For positive integers $a,b$ and $k$ , define $$p(a,b,k):=\prod_{j=1}^k (a(j-1)+b)$$ That is the product of the first $k$ numbers in the arithmetic progression $an+b$ starting with $b$
Can $p(a,b,k)$ be a palindrome (in base $10$) for $k\ge 6$ ? Are there more than $2$ palindromes for $k= 5$ ?
In the case $k=4$ , there are still many palindromes.

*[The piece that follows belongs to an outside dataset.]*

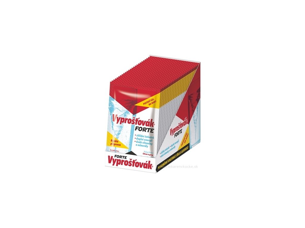 Vyprošťovák FORTE je doplněk stravy ve formě prášku v sáčcích, určený k použití po nadměrné konzumaci jídla a alkoholu. Praktické jednorázové sáčky umožňují snadnou přípravu perorálního roztoku a pohodlné užívání doma i na cestách. Přípravek je zařazen mezi výživové doplňky a je vhodný pro dospělé a děti od 12 let.

For $a,b\le 10^4$ , they are summarized in this table :
4 [7, 9, 11, 13] 9009
4 [12, 14, 16, 18] 48384
4 [1, 5, 9, 13] 585
4 [91, 101, 111, 121] 123444321
4 [11, 26, 41, 56] 656656
4 [26, 42, 58, 74] 4686864
4 [1023, 1073, 1123, 1173] 1445949495441
4 [9901, 10001, 10101, 10201] 10203040404030201
4 [127, 245, 363, 481] 5432772345
4 [1059, 1407, 1755, 2103] 5499287829945
4 [471, 961, 1451, 1941] 1274785874721
4 [55, 583, 1111, 1639] 58388088385
4 [13, 543, 1073, 1603] 12141614121
4 [1864, 2428, 2992, 3556] 48152399325184
4 [8841, 9497, 10153, 10809] 9214414224144129
4 [77, 1111, 2145, 3179] 583341143385
But for $5\le k\le 20$ and the same range for $a,b$ , there are just the following two solutions :
5 [31, 33, 35, 37, 39] 51666615
5 [182, 362, 542, 722, 902] 23255355355232
For $k\ge 5$ , the following can be said about the difference $a$ :
If $a$ is coprime to $10$ , one of the factors of the product must be divisible by $5$ and the product is even, hence divisible by $10$. A palindrome is hence impossible.
If $a$ is even , but not divisible by $5$ , one of the factors must be divisible by $5$ , hence the only possible palindrome is $5\cdots 5$, in particular all factors must be odd.
But that's it. I found no more useful necessary conditions for a palindrome.